It won’t be easy–especially for the smaller advisory firms. The added expense and time needed to comply with new regulations are burdensome enough, but even more troubling is the fact that many small firms aren’t even sure what their specific regulatory obligations are. “It’s amazing to me–the number of advisors who aren’t even aware [of what they need to do]. The whole regulatory environment doesn’t sink in,” says Julie Allecta, a partner with the law firm Paul, Hastings, Janofsky & Walker in San Francisco, which represents Charles Schwab, the largest custodian for independent advisors, and is helping Schwab deliver compliance aids to its affiliated advisors.

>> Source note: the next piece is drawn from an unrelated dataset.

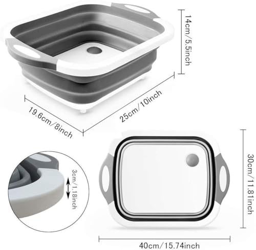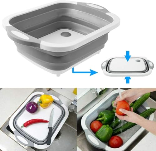 ZURU BUNCH - 3 in 1 Multifunctional Kitchen Foldable Cutting |Chopping Board |Washing Bowl |Collapsible Dish Tub |Vegetable, Fruit Washing |Draining Basket with Plug |Folding Washbasin (Color May Vary)

In the wake of the Wall Street and mutual fund scandals, the SEC has been facing significant pressure from Congress and consumer groups to step up its regulatory oversight. So the securities watchdog has been responding by way of rulemaking and through enforcement actions. (See “Bumper Crop” sidebar on enforcements on right). Indeed, to ensure that the Commission is more proactive in catching wrongdoers, SEC Chairman William Donaldson has created a “risk assessment” initiative whereby different SEC divisions collaborate on ways to handle regulatory issues. For instance, the SEC recently created “multidivisional task forces” to decide how to handle areas of “potential concern,” such as soft-dollar arrangements, bond market transparency, 529 college savings plans, enhanced mutual fund surveillance, and enhanced SRO surveillance.

Too Much, or About Time?

Donaldson deserves accolades for revamping the way the SEC functions. But has the SEC’s newfound enthusiasm for regulation gone too far? Advisors and industry officials complain the regulator is using a one-size-fits-all approach in its attempts to regulate advisors–specifically with its proposal that all advisors appoint a chief compliance officer and adopt formal compliance procedures, including drawing up a compliance manual. “A lot of the [SEC] regs aren’t really market-specific,” says Dennis Gallant, an analyst with Cerulli Associates in Boston. The SEC rules don’t “take into account the various nuances of the investment advisory market; they’re being applied to Fidelity as well as to small providers.” Gallant thinks the onslaught of new SEC rules is putting a lot of additional time constraints on advisors who are already grappling with time management.

Some advisors and industry observers concede, however, that while complying with SEC rules will eat into their time, and their wallets, the new SEC rules may not be unreasonable.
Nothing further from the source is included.